Kristi cut through the water of the pool cleanly, breathing easily, feeling her muscles begin to strain. She’d been at it over half an hour, was going for forty minutes.

The smell of chlorine was everywhere and there was mist on the windows of the college’s pool house, but aside from an older guy several lanes over, she had the water to herself.
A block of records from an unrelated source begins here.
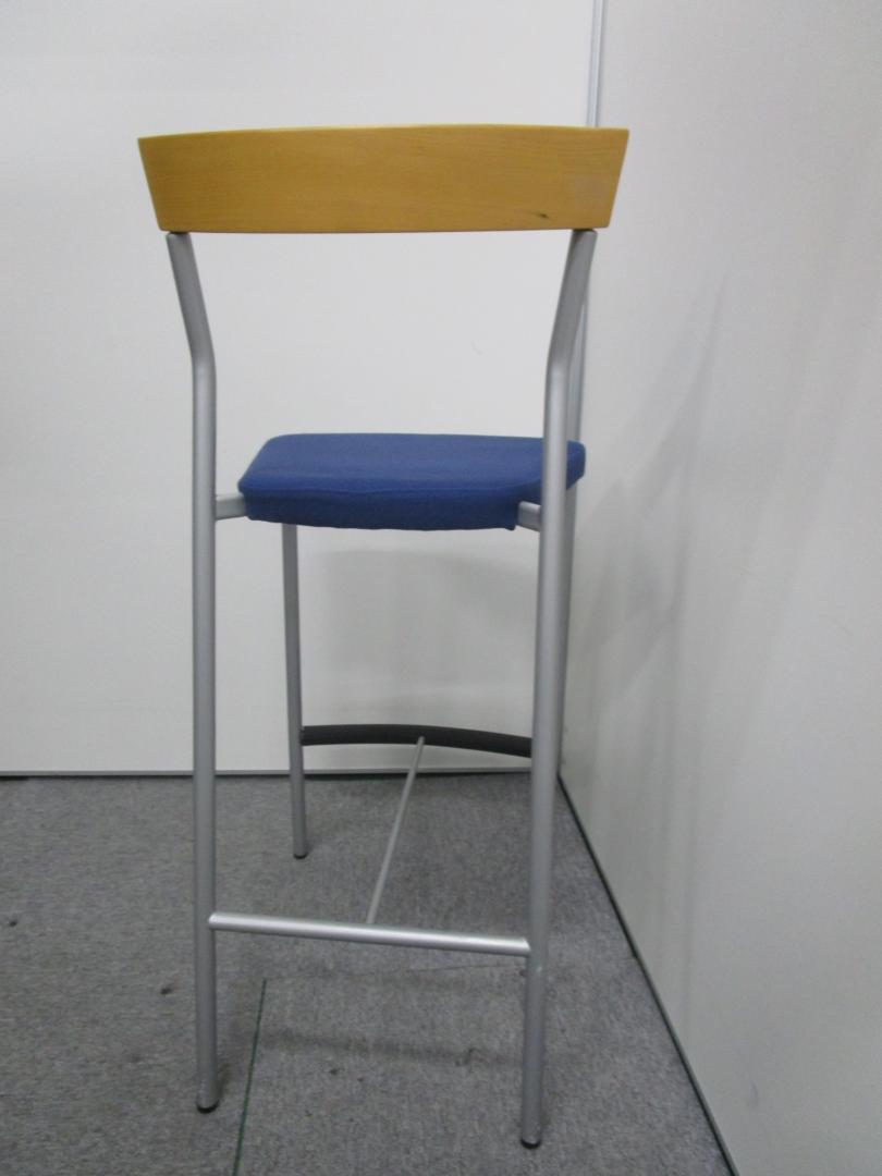 色は座面ブルー、背もたれは木製で自然な風合いを演出してます。
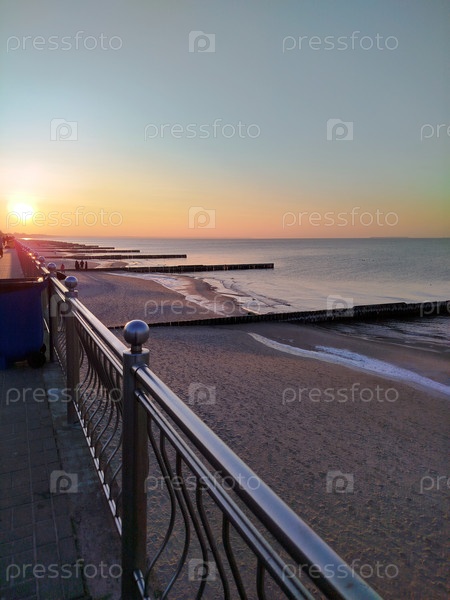 Закат солнца над набережной Балтийского моря с пляжем и водохранилищами
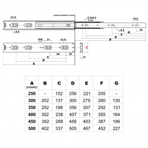 Направляющие шариковые полновыкатные 12" 35-300
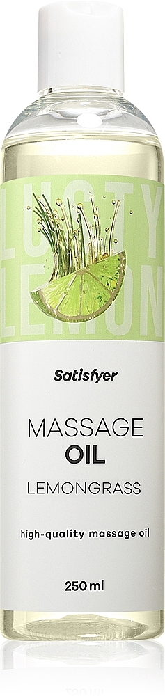 Satisfyer Massage Oil 250 ml (Lemongrass) hýčka pokožku výživnou zmesou rastlinných olejov a zanecháva ju zvodne hladkú. Jeho svieža citrónová aróma prináša energiu a hravosť, takže každá masáž je šťavnatým zážitkom. Ľahká, nemastná textúra kĺže po koži ako hodváb a zanecháva len jemný, pestujúci film – bez ťažkého pocitu. Sunflower, Soy a Jojoba oleje vyživujú do hĺbky, pokožka je vláčna a príťažlivo hebká. Vitamin E (Tocopherol) pomáha chrániť a zjemňovať, takže vaše rituály budú ešte zmyselnejšie. Vďaka jemnému a univerzálnemu zloženiu je olej skvelý na spontánne chvíle aj dlhé relaxačné rituály – kedykoľvek si poviete. Okamžitý účinok sa rozvinie v priebehu pár sekúnd a vaše ruky sa rozbehnú po sviežej stope citrusov. Jednoduchá aplikácia umožní kedykoľvek počas hry pridať pár kvapiek pre plynulý sklz. Citrusová nota lemongrass povzbudí náladu a rozprúdi fantáziu – ideálne pre párové večery aj hravú relaxáciu osamote.
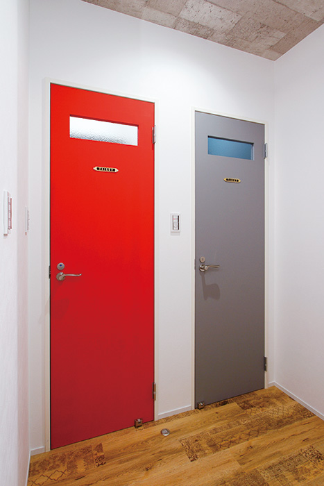| 4階の浴室の隣に配置した2つのトイレ。赤とグレーのカラフルな扉が、生活空間を楽しく演出 | 扉や壁を新築同様にペイントしたエントランス。フロアガイドのパネルや郵便受けも新しく作り付けた |

She hadn’t swum in over a month and it felt great. Energizing. Cleared her mind.

Stroke.

She thought of Jay and had to admit she liked seeing him again. But just as a friend…

Stroke.

She hadn’t found anything in Tara Atwater’s personal items, but she’d look again. There
had
to be some evidence about her disappearance in the same damned apartment in which she’d lived.

Stroke.

Ariel and Kristi’s father were still very much alive. So her black and white vision thing might just be a physical thing, not some kind of special ESP or visions of the future.

Stroke.

There were no such things as vampires. And she was going to talk to Professor Grotto and see what he had to say for himself. Then, perhaps, the police.

Stroke.

Maybe she should call Jay…. No way. She needed his help, yes, but that was it. She was
not
trying to start something up with him again.

Stroke.

Liar! There’s something about him that gets you.

Damn!

She couldn’t think about Jay McKnight as a man. That part of their relationship was long over. Still…she found the way he pushed his hair from his eyes endearing, the boyish hint of a smile in the corner of his mouth fascinating, and the way his eyes darkened with humor or interest compelling. Dear God, she was a mess when it came to that man.